As far as I can tell we have two options. The first one is to make this
into a mount option which I really think isn't a big deal and lets us
avoid this whole problem while allowing filesytems exposed via NFS to
make use of this feature for change tracking.
The second option is that we turn off fine-grained finestamps for v6.6
and you get to explore other options.
It isn't a big deal regressions like this were always to be expected but
v6.6 needs to stabilize so anything that requires more significant work
is not an option.
> I wasn't proposing to do that work for v6.6. For that, we absolutely
> either need the mount option or to just revert the mgtime conversions.
This sounds like you want me to do a full-on revert of your series but
why? The conversion and changes support an actual use-case and are fine.
It's a matter of whether we unconditionally expose it to users or not.
@Jan, what do you think?
> My plan was to take a stab at doing this for a later kernel release.
Ok.
On Wed, 2023-09-20 at 14:08 +0200, Christian Brauner wrote:
> > I wasn't proposing to do that work for v6.6. For that, we absolutely
> > either need the mount option or to just revert the mgtime conversions.
>
> This sounds like you want me to do a full-on revert of your series but
> why?

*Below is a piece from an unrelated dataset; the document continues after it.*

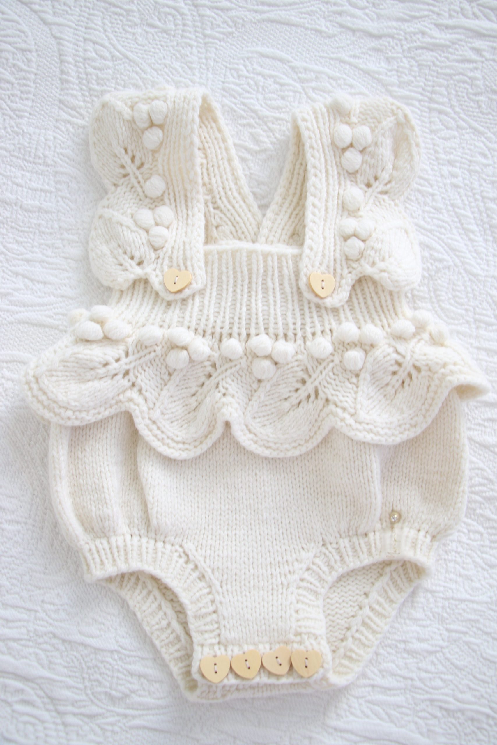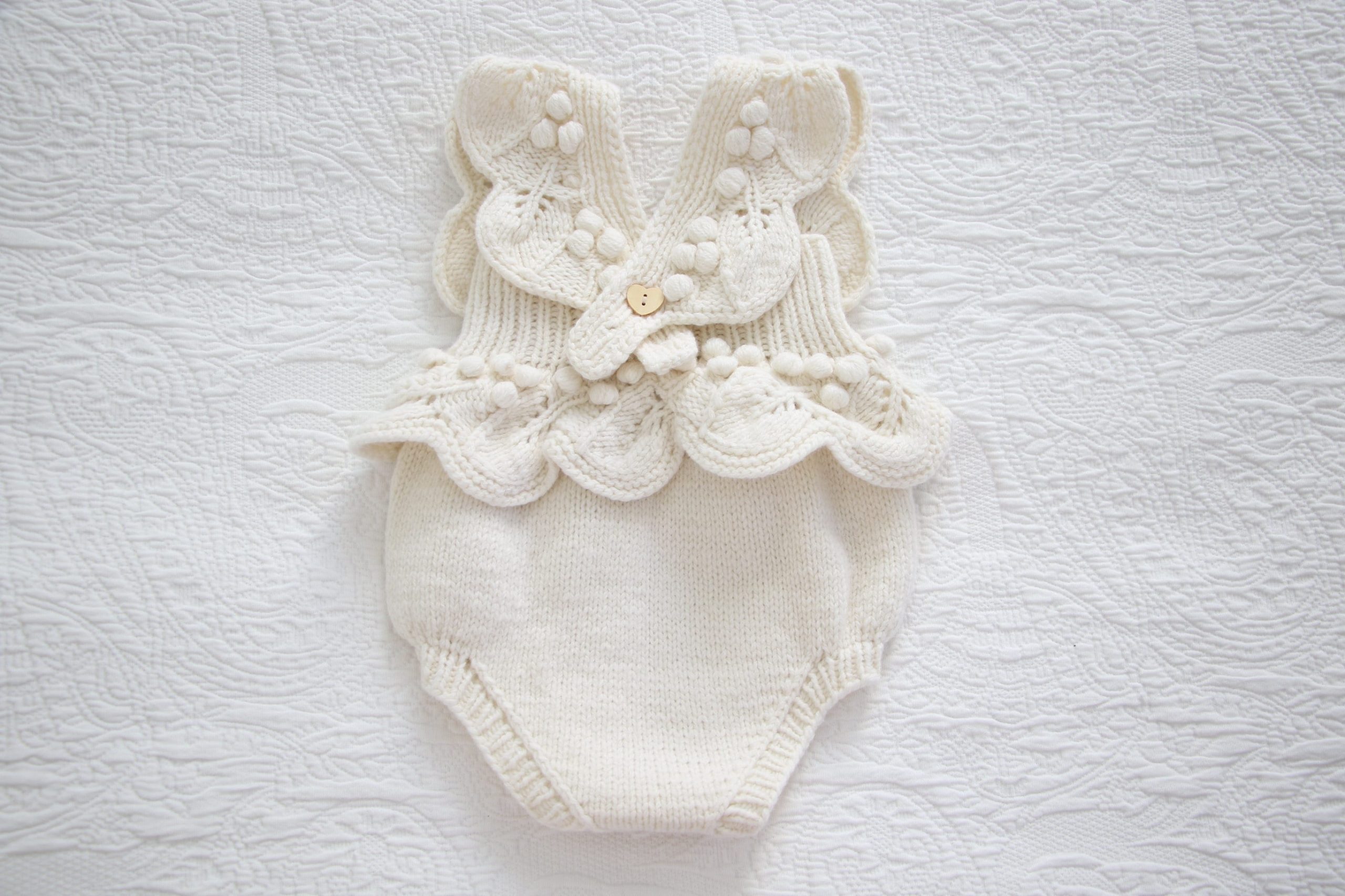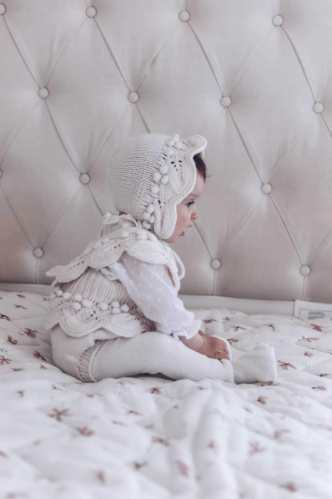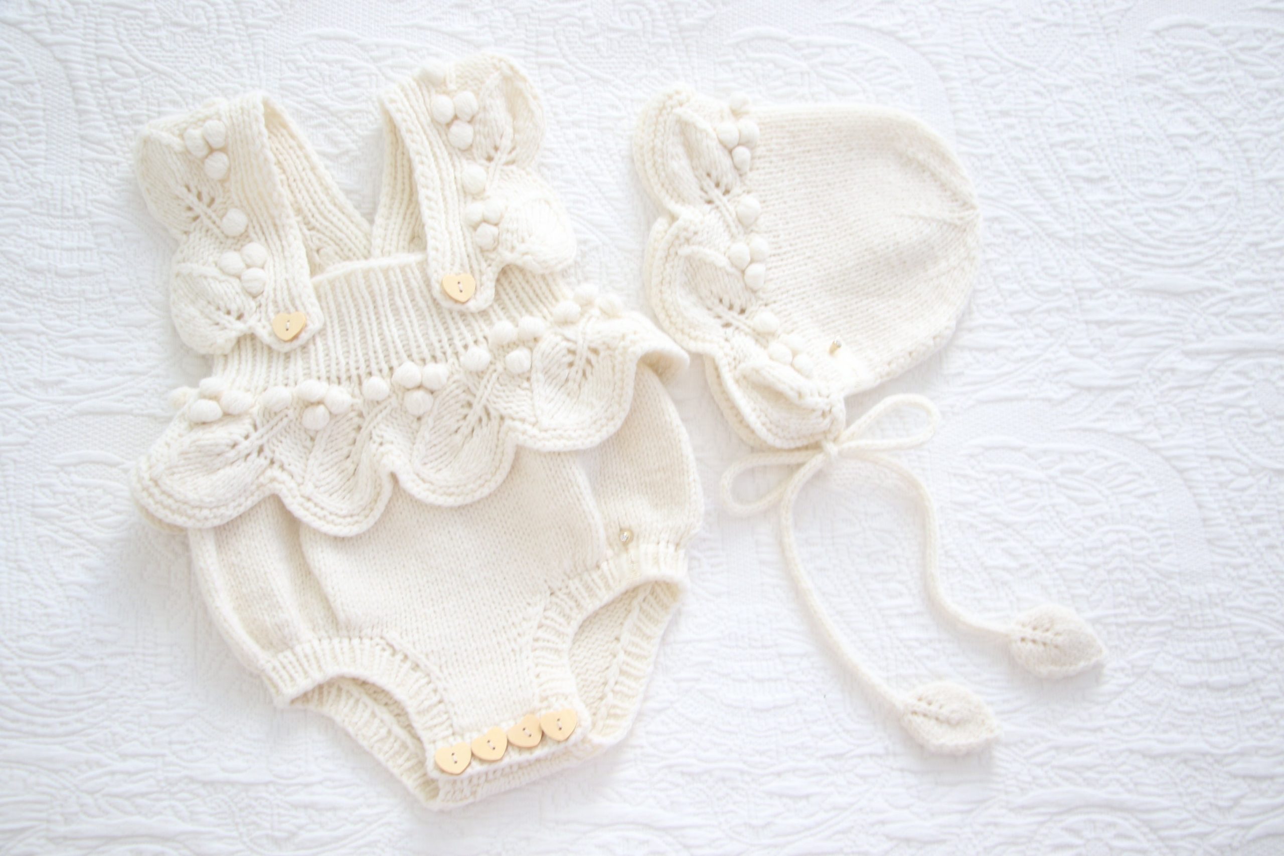 Embroidered Merino Baby Romper and Bonnet Set – Knitted Photo Prop

The conversion and changes support an actual use-case and are fine.
> It's a matter of whether we unconditionally expose it to users or not.
>
I don't, actually. I'm just mentioning that it's possible if we find the
mount option to be unpalatable.
> @Jan, what do you think?
>
> > My plan was to take a stab at doing this for a later kernel release.
>
> Ok.
If it works out, then we may be able to eventually remove the mount
option, but that is a separate project altogether.
--
Jeff Layton <[email protected]>
> You could put it behind an EXPERIMENTAL Kconfig option so that the
> code stays in and can be used by the brave or foolish while it is
> still being refined.
Given that the discussion has now fully gone back to the drawing board
and this is a regression the honest thing to do is to revert the five
patches that introduce the infrastructure:
ffb6cf19e063 ("fs: add infrastructure for multigrain timestamps")
d48c33972916 ("tmpfs: add support for multigrain timestamps")
e44df2664746 ("xfs: switch to multigrain timestamps")
0269b585868e ("ext4: switch to multigrain timestamps")
50e9ceef1d4f ("btrfs: convert to multigrain timestamps")
The conversion to helpers and cleanups are sane and should stay and can
be used for any solution that gets built on top of it.
I'd appreciate a look at the branch here:
git://git.kernel.org/pub/scm/linux/kernel/git/vfs/vfs.git vfs.ctime.revert
survives xfstests.